You can live without the HDMI on most setups and in some cases the switching setup in recievers can degrade or lower the output level, I have seen this happen. 

I have had a couple of switchers and in the end not happy with them, now I just do not worry about it as sold the PS3 and use the OPPO 83 SE player but not a gamer, my kids were. 

------------


This reminded me, I have a Marantz SR8000 I have not used in a few years, maybe I should sell it. (at one point I was going to modify it a bit for bi, tri, etc amp use as I do not care for surround sound but never got around to it)

Rick


----------



## zulukingcrowned (May 2, 2010)

Ah, well we definitely game and to have a PS3, 1080p Roku and LED TV and not bother with a HDMI-ready receiver...though I don't know what this means:
"in some cases the switching setup in recievers can degrade or lower the output level"


----------



## raamaudio (May 4, 2005)

It means that they do not always employ quality bits in some areas and you have a loss of sound and or video quality in the circuits that do the switching between source units.

In fact, few AV receivers have tolerable sound quality to begin with.

That said, for gaming, etc... not that big a deal, for serious music listening, can be quite dramatic

If for me, I would be looking at a good switcher and a very good used receiver, something like has been mentioned, Marantz, etc....

Rick


----------



## zulukingcrowned (May 2, 2010)

raamaudio said:


> If for me, I would be looking at a good switcher and a very good used receiver, something like has been mentioned, Marantz, etc....
> Rick


Ideally. How are the SR5005 and NR1601? Noticeable step down?


----------



## raamaudio (May 4, 2005)

I cannot answer directly, I have not used a HT receiver in a few years. I run it all through my stereo system instead now. My living room is not setup well to do surround sound and I do not plan to stay in this place more than another year or two, my next place will have a better room so I may try it but I seldom use my video system, just audio or have a music DVD, Blu Ray, etc going but not sitting watching it. I am in the next room on this computer most of the time and when I can out in the shop working on cars, trucks, trailers, etc......

I know the Marantz I have is older and may not even have any HDMI ports, but it is a very very good sounding unit, it was expensive but I bought it used. If you buy a lower cost, newer unit, by far most everything sold, most likely not going to be great sounding. 

If you can find a good clean switcher and get a used, older, higher powered, better built receiver you will have a much better sounding system. 

BUT, research, their may be some lower cost newer options out there that sound pretty darn good, good luck

Rick


----------



## zulukingcrowned (May 2, 2010)

Cool, cool.

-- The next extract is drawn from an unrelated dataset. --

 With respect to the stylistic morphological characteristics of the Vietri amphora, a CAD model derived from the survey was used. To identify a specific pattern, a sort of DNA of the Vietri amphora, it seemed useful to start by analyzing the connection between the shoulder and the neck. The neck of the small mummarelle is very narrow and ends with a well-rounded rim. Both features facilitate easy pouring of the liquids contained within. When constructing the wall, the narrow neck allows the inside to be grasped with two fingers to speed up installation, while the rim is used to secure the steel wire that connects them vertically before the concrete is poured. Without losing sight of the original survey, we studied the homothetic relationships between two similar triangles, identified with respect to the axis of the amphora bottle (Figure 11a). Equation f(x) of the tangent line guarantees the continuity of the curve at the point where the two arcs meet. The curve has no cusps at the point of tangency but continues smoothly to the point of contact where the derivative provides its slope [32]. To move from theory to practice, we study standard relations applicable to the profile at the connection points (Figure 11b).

I'm tempted to just let my TV/PS3 run off this altec lansing faux surround speaker I have and do as you said and get a stereo receiver for the music. Have some Imagine HATs waiting to go in the car and I know once those go in I'm going to be sorely disappointed with my home audio experience. Thanks again Rick.

Link to C6 widebody?


----------



## zulukingcrowned (May 2, 2010)

Ok, so one of the ESS speakers is out...the sub isn't functioning and the piano tweeter just buzzes. As for the other speaker, it still pumps but the tweeter is buzzing a bit. Wondering if it could be caused in part by my receiver being a 2-prong plug...the additional ground may help but I can't find any 2 to 3 adaptors. Halp?!

Also, the speaker goes in and out from clear to muffled, almost like there is a club under us instead of in the same room. Solution?


----------



## FLYONWALL9 (Nov 8, 2009)

I have a couple of different systems in my home. In my theater room I use a preamp with amps and really like its sound quality. In my bedroom I wanted something a bit easier with good power and smallish package because it all needed to be contained in an armoire. In this system I run an Onkio with 7.1 it has great power and pretty damn good SQ for the price. 

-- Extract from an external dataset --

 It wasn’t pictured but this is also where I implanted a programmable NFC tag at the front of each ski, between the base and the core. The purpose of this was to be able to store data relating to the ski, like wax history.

So, are you really just looking for a two chan system with HDMI? How about an Adcom with an amp or you can go like I did in my bedroom and run something like an Onkio, Sony ES or something along these lines. Ebay is a good source for looking at many different models if you don't know current gear.

If my suggestion is out in left field forgive me I may be misunderstanding you all together.


----------



## zulukingcrowned (May 2, 2010)

At this point I don't know what I want! Anything is helpful. I think I'm going to hold onto my Pioneer receiver for now and pick up the Fluance AVHTB+ and retrofit a 12'' sub into one of my old ESS speaker (had an ~11'' from factory) for the lows. Pretty much on the cheap, but should sound great overall. We'll see, but I'm definitely going to look into your suggestions FLYON.


----------